Scala 3 Migration: Report from the field
Migration Experience & Difficulty
- Many readers found the report valuable and realistic, especially for projects using advanced Scala 2 features (macros, type projections, experiments).
- Consensus: if a codebase avoids experimental features and custom macros, migration is usually manageable, especially with Scala 3 compatibility flags and rewrite tools.
- Some teams have already migrated even very old Scala 2.8 code, citing macros and abstract type projections as the main pain points.
- Others perceive migration as daunting, with no strong business incentive until Scala 2 becomes unsustainable (e.g., libraries dropping support).

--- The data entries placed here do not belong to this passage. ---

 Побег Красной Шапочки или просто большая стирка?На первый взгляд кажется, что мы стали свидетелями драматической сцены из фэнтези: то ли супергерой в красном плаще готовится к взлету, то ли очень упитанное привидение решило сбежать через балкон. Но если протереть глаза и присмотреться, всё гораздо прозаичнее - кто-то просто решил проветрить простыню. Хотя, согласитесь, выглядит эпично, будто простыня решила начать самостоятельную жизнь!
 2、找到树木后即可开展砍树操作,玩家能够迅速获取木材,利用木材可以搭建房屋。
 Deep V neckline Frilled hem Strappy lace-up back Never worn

A few argue a formal Scala 2 “sunset” would spur action.
Ecosystem Readiness & Binary Compatibility
- Several commenters say “most of the ecosystem” now has Scala 3 releases; Spark is repeatedly mentioned as the big holdout, with Databricks’ choices seen as dragging the ecosystem.
- Scala 3’s binary compatibility story (within 3.x and back to 2.13, excluding experimental features/macros) is highlighted as a major improvement over historic 2.x breakage.

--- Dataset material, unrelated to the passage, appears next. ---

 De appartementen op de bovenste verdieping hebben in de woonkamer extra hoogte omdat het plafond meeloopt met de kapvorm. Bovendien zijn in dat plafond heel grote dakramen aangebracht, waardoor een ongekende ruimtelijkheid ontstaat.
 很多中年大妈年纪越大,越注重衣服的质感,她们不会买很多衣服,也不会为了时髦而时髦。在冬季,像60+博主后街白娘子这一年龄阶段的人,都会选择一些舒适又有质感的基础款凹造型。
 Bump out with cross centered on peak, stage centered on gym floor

- Interop with Scala 2.13 binaries reduces urgency but also reduces migration pressure.
Tooling & Build Systems
- Tooling remains a recurring complaint: IDE support is described as improved but still frustrating; some blame “academic” priorities for ignoring tooling.
- sbt has detractors but is said to be much better than it used to be; alternatives like Maven, Gradle (with recent Scala 3 fixes), Mill, and particularly scala-cli get positive mentions.
Community, Governance & Politics
- Some commenters strongly criticize governance and community behavior around the Scala Center, referencing offensive conference language and a defamation case.
- Others downplay this as personal or organizational drama with little relevance to technical decisions like upgrading from Scala 2 to 3.
- There is no consensus: some see toxicity as a serious deterrent; others say the real ecosystem mostly lives outside these institutions.
Language Design, Libraries & Competing Options
- Deep split on Scala 3: some call it “what Scala was supposed to be” with a near‑ideal type system; others see unnecessary syntax churn and overcomplexity that hurts maintainability.
- Debate over FP-heavy stacks (Cats, ZIO, Typelevel) vs “just Java libraries”; some teams refuse advanced type tricks, others treat them as standard practice.
- In data engineering, Scala is reported to be losing ground to Python and Java as Spark usage shifts and managed platforms grow.
- For people leaving Scala, Rust, Kotlin, and Java are the most cited destinations; Rust praised for momentum but seen by some as less suited to typical backend workloads than JVM languages.